Many pathophysiological conditions result in the direct increase or reduction of pulmonary mass, leading to a decrease in gaseous exchange. Non-malignant and malignant primary and metastatic lung tumors are principal reasons for permanent decreases in pulmonary function. Other causes of decreased pulmonary function include viral and bacterial pneumonias, trauma, fibrosis, and idiopathic disease.
The alveoli are tiny air sacs, the walls of which are covered with capillaries across which oxygen and carbon dioxide readily diffuse and are transferred into and out from the blood, respectively. This exchange is essential to survival and is the key function of the lungs.

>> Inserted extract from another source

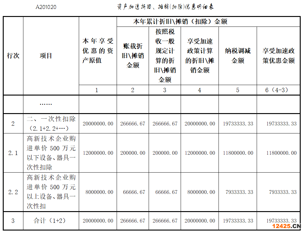 第一步,先填報一次性扣除情況。對于單價500萬元以下設備、器具,在《資產(chǎn)加速折舊、攤銷(扣除)優(yōu)惠明細表》(A201020)第2行“二、一次性扣除”下的明細行次中填寫“高新技術企業(yè)購進單價500萬元以下設備、器具一次性扣除”事項及“本年享受優(yōu)惠的資產(chǎn)原值”等信息;對于單價500萬元以上設備、器具,填寫“高新技術企業(yè)購進單價500萬元以上設備、器具一次性扣除”事項及“本年享受優(yōu)惠的資產(chǎn)原值”等信息。填寫完畢后,將該表單中“納稅調減金額”列次的合計值(第3行第5列)填寫在《中華人民共和國企業(yè)所得稅月(季)度預繳納稅申報表(A類)》(A202000)第6行“資產(chǎn)加速折舊、攤銷(扣除)調減額(填寫A201020)”中。

The alveolus is a site where only two cell layers are interposed between the air and the blood, with a small amount of ECM serving as a membranous scaffold. Gaseous exchange occurs across the alveolar wall, comprising alveolar type I and type II cells (squamous respiratory epithelial cells) and the vascular endothelial cells of the surrounding capillaries.
Alveoli have fragile, thin walls, which are easily damaged. Breakage of these walls makes the oxygen-carbon dioxide diffusion much less efficient. The bronchial tree distributes the air throughout the lung to the individual alveoli. Once damaged, the bronchioles tend to collapse, trapping stale air in the isolated sacs and not letting fresh air in, leading to atelectasis.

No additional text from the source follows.